When we determined that the individual predator was a canid with mtDNA sequences but still could not obtain species identification due to haplotype similarity, we employed eight microsatellite loci (Set A) to increase the resolution of species identification (Table 1; [24, 25]. If the predator species was determined to be coyote (Canis latrans) we then amplified a second set of 10 microsatellite loci [Set B; 25] to identify individual animals and compare genotypes obtained from nests and carcasses and to those collected from feces and coyotes removed from sage-grouse leks during the course of this study [20]. The reason we employed two sets of microsatellite loci is that our laboratory already had developed a canid identification database based on set A but Orning [20] used set B for individual genotypes. Thus, to determine both species and individual identification we needed to use both sets. All microsatellite reverse primers were PIG-tailed to facilitate accurate genotyping [26]. We performed PCR for Set A in three multiplexes using 10 µL reactions that contained Amplitaq Gold 10× buffer II, 3 mM MgCl2, 0.25 mM of each dNTP, 2 units of Amplitaq Gold polymerase, 2 µG of bovine serum albumin, and 2 µL of DNA extract. Primer concentrations are provided in Table 1. The thermocycler program for all three multiplexes in Set A was 95 °C for 15 min, 40 cycles of 94 °C for 15 s, 58 °C for 15 s, and extension at 72 °C for 30 s. We included a final extension at 60 °C for 30 min. All three multiplexes for Set B had similar 10 µL mixes that contained Amplitaq Gold 10× buffer II, 2.5 mM (Multiplexes A and B) or 2.0 mM (Multiplex C) of MgCl2, 0.25 mM of each dNTP, 1 unit of Amplitaq Gold polymerase, 2 µG of bovine serum albumin, and 2 µL of DNA extract. Primer concentrations are provided in Table 1. The thermocycler program for Set B was 95 °C for 10 min, 52 cycles of 94 °C for 30 s, annealing temperature (Table 1) for 30 s, and extension at 72 °C for 45 s and a final extension at 72 °C for 7 min. Each PCR was run three times to estimate allelic dropout or false alleles [27]. We only scored an allele if it was present in at least two of the PCR replicates [28]. False alleles and allelic dropout were estimated with gimlet v1.3.3 with the consensus genotype threshold set at two [29].

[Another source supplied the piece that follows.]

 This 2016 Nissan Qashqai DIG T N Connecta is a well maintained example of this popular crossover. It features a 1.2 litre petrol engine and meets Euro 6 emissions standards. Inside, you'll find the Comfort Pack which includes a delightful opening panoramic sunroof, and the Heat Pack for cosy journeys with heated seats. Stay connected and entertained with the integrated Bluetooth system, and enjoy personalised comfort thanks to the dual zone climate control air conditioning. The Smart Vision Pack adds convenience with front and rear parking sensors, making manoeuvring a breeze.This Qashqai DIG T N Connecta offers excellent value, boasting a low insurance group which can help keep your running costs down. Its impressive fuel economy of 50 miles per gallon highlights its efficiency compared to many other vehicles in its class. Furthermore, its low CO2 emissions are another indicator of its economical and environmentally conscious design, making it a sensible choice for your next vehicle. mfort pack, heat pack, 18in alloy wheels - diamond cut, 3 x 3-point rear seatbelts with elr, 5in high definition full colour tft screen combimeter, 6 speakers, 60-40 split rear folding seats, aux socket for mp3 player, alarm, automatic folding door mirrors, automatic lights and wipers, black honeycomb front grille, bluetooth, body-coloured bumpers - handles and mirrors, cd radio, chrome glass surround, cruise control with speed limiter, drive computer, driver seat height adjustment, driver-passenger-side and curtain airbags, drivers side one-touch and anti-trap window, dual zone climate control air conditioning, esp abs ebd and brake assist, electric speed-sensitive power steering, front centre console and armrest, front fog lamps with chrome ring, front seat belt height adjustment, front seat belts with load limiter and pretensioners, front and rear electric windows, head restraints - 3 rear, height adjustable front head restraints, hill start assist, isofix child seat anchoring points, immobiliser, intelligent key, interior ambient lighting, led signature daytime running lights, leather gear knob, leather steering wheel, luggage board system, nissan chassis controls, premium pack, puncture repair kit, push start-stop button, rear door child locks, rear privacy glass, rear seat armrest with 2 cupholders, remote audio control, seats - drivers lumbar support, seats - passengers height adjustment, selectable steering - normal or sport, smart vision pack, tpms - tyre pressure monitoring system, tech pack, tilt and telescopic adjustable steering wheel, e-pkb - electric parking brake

Species identification of canid genotypes (Set A) was determined using the Bayesian clustering algorithm in structure v2.3.4 [30, 31]. We compiled a database that included dogs (Canis familiaris; n = 34), coyotes (n = 69), western North American wolves (C. lupus; n = 50), and wolves from Minnesota and Wisconsion (C. lycaon and C. lupus; n = 109) (A. J. Piaggio; unpublished data). The genotypes from the eggs were compared to this database using structure with the admixture and allele frequencies correlated models, burn-in of 70,000, and MCMC length of 700,000. The analysis was run with k set at six and replicated five times.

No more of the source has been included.